Image used with permission by copyright holder

When talking about the new Kirin 980 processor, Huawei mentions a lot of world firsts, a lot of percentages, and a lot of very big numbers. We’re going to get to those, but they all boil down to one thing: This is a fast, ultra-high-performance mobile processor, and likely one of the most advanced we’ve ever seen. It’s not just the promised raw speed, but the new artificial intelligence features that entice here. What’s more, it won’t be long until we see it in a phone.

Let’s do the world firsts first. The Huawei Kirin 980 — unveiled during a keynote speech at the IFA 2018 show in Berlin — is the world’s first 7nm mobile system-on-a-chip (SoC), with the first Dual Neural Processing Unit (NPU), the first Cortex A76 cores, the first Mali G76 graphics processing unit (GPU), the first example of a 1.4Gbps Cat.21 modem, and the first to use LPDDRX4 RAM running at 2,133 MHz. What does all this mean? Huawei repeated it over and over again: more performance, better efficiency.

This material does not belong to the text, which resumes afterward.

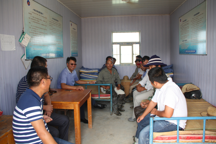 王德志董事长一行到新河制盐分公司三班进行了走访慰问,详细了解了当前的盐业生产状况。在得知有关生产班组出现卤水供应不足等情况后,他要求各生产班组要根据实际情况,合理调整灌池面积,在保证扒盐工作正常开展的同时,还要紧抓制卤工作,确保盐业生产有序进行。走访慰问过程中,王董事长还与职工们亲切交流,耐心的向他们介绍了当前公司所面临的市场形势,希望他们能够团结一心,与公司一起共度难关。

The Kirin 980 is the result of 36 months work from a team of more than 1,000 design and process experts, and it contains a dizzying 6.9 billion transistors. Compared to the 10nm Kirin 970 seen in everything from the P20 Pro to the Honor Play, the Kirin 980 is 20 percent faster and uses 40 percent less energy. The Cortex A76 cores alone provide 75 percent higher performance than the Kirin 970’s cores.

The chip is made up of eight cores in total: two big Cortex A76 cores, along with two middle cores, and four little cores. These split tasks up according to needs. For example, the little cores deal with music and video streaming, while social and messaging apps bring in the middle cores for assistance, and playing games sees all eight cores working hard. Huawei has added a degree of artificial intelligence to this process, which it calls A.I. Loading Prediction. The system understands where and when power is needed, and adjusts the output accordingly ahead of time, ready to provide the best experience, particularly when playing games.

More A.I. capabilities

The Kirin 970 introduced the world to the NPU, which takes care of A.I. processing on a device, rather than messing around in the cloud. It’s faster, and more efficient, in case you hadn’t guessed. The Kirin 980 has two NPUs, and can recognize 4,500 images per minute, compared to the 2,371 recognized each minute by the Qualcomm Snapdragon 845. Huawei claims its chip is 135 percent faster overall than the Snapdragon 845, and 88 percent more efficient. The Dual NPUs also add real-time image processing to video, rather than solely on stills with the single NPU, and can recognize the particulars of an image too.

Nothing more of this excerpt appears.